Promising Treatment for Scleroderma-Related Interstitial Lung Disease

Cyclophosphamide and mycophenolate mofetil efficacious for scleroderma-related lung disease, according to trial data reported at ACR/ARHP 2015.

Oral cyclophosphamide and mycophenolate mofetil were equally efficacious in improving forced vital capacity (FVC) in patients with scleroderma and symptomatic interstitial lung disease (ILD), according to results from the Scleroderma Lung Study II presented at the 2015 annual meeting of the American College of Rheumatology.1

ILD, the most frequent cause of scleroderma-related mortality, is present in approximately 90% of individuals with scleroderma as revealed by high-resolution computed tomography (HRCT). Changes in pulmonary function tests are present in 40% to 75% of patients with scleroderma.2

Inflammation Postulated as Cause of ILD In Scleroderma; Anti-Inflammatory Agents Potentially Beneficial

“For a sizeable fraction of people with scleroderma, scarring lung disease can be associated with a great deal of suffering and even with death,” stated lead investigator Philip Clements, MD, of the David Geffen School of Medicine at the University of California, Los Angeles, in a press release. “We postulated that the interstitial lung disease seen in scleroderma was caused in part by inflammation. We therefore sought to decrease the inflammation with medications that have strong anti-inflammatory properties, namely cyclophosphamide and mycophenolate mofetil.”

The Scleroderma Lung Study II was built on knowledge gleaned from the Scleroderma Lung Study, a 13-center, double-blind, randomized, placebo-controlled trial of oral cyclophosphamide. That study found that treatment with cyclophosphamide resulted in modest improvements in FVC and total lung capacity over a period of one year in patients with ILD.3 However, the benefits of cyclophosphamide were no longer apparent 24 months following treatment cessation, necessitating further exploration of alternative treatments.4 Alternatives to cyclophosphamide are also desirable due to its high toxicity and potential for adverse effects.5

Methodology and Results

The research team randomly assigned 142 patients to receive either oral cyclophosphamide 2 mg/kg/d for one year followed by matching placebo for the second year, or mycophenolate mofetil up to 1500 mg twice daily for 2 years. The patients included in the study had all been diagnosed with scleroderma for fewer than 7 years, were affected by moderate dyspnea, had an FVC of 45% to 80%, and had any ground-glass opacification on chest HRCT. Baseline characteristics were the same in both treatment groups except for higher modified Rodnan skin scores in the group that received mycophenolate mofetil. Patients were assessed with physical examinations (including modified Rodnan skin scoring), pulmonary function testing, and standardized questionnaires that elicit patient-reported outcomes at baseline and every 3 months for 2 years.

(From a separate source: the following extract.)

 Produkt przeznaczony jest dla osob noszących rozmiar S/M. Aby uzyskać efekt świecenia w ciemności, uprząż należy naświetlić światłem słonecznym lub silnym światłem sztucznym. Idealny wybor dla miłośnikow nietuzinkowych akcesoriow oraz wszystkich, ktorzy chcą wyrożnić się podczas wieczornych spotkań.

In preliminary analyses at 2 years, patients in both treatment groups showed similar significant improvements in FVC, dyspnea, modified Rodnan skin scores, and interstitial lung change on HRCT scan of the lungs (P<.05). More patients in the cyclophosphamide arm withdrew from study treatment prematurely (36 in the cyclophosphamide arm vs 20 in the mycophenolate mofetil arm; P=.019).

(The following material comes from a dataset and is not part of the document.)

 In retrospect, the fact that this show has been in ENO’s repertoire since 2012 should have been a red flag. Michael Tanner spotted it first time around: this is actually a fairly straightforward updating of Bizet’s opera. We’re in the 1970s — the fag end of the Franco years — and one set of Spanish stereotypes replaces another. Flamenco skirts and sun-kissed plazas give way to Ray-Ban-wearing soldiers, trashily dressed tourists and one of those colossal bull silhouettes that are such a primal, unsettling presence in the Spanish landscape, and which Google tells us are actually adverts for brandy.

Dr Clements noted that there is a risk of permanent lung damage within the first 5 to 7 years following a diagnosis of scleroderma, making it important for patients to undergo screening with pulmonary function tests at 6-month intervals. “If a patient’s lung function declines, rheumatologists should consider treating him or her as early as possible with cyclophosphamide or mycophenolate mofetil to try to prevent further progressive lung scaring,” he concluded.

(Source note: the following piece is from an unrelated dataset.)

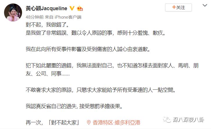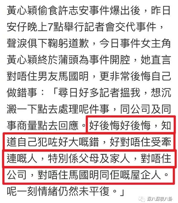 今天女主角也终于首度开腔,向家人、公司和男朋友马国明道歉

  1. Clements PJ, Tashkin D, Roth M, et al. The Scleroderma Lung Study II (SLS II) shows that both oral cyclophosphamide (CYC) and mycophenolate mofetil (MMF) are efficacious in treating progressive interstitial lung disease (ILD) in patients with systemic sclerosis (SSc) [abstract]. Arthritis Rheumatol. 2015;67 (suppl 10).
  2. Solomon JJ, Olson AL, Fischer A, Bull T, Brown KK, Raghu G. Scleroderma lung disease. Eur Respir Rev. 2013;22(127):6-19. doi:10.1183/09059180.00005512.
  3. Tashkin DP, Elashoff R, Clements PJ, et al. Cyclophosphamide versus placebo in scleroderma lung disease. N Engl J Med. 2006;354(25):2655-2666.
  4. Tashkin DP, Elashoff R, Clements PJ, et al. Effects of 1-year treatment with cyclophosphamide on outcomes at 2 years in scleroderma lung disease. Am J Respir Crit Care Med. 2007;176(10):1026-1034.
  5. Martinez FJ, McCune WJ. Cyclophosphamide for scleroderma lung disease. N Engl J Med. 2006;354(25):2707-2709.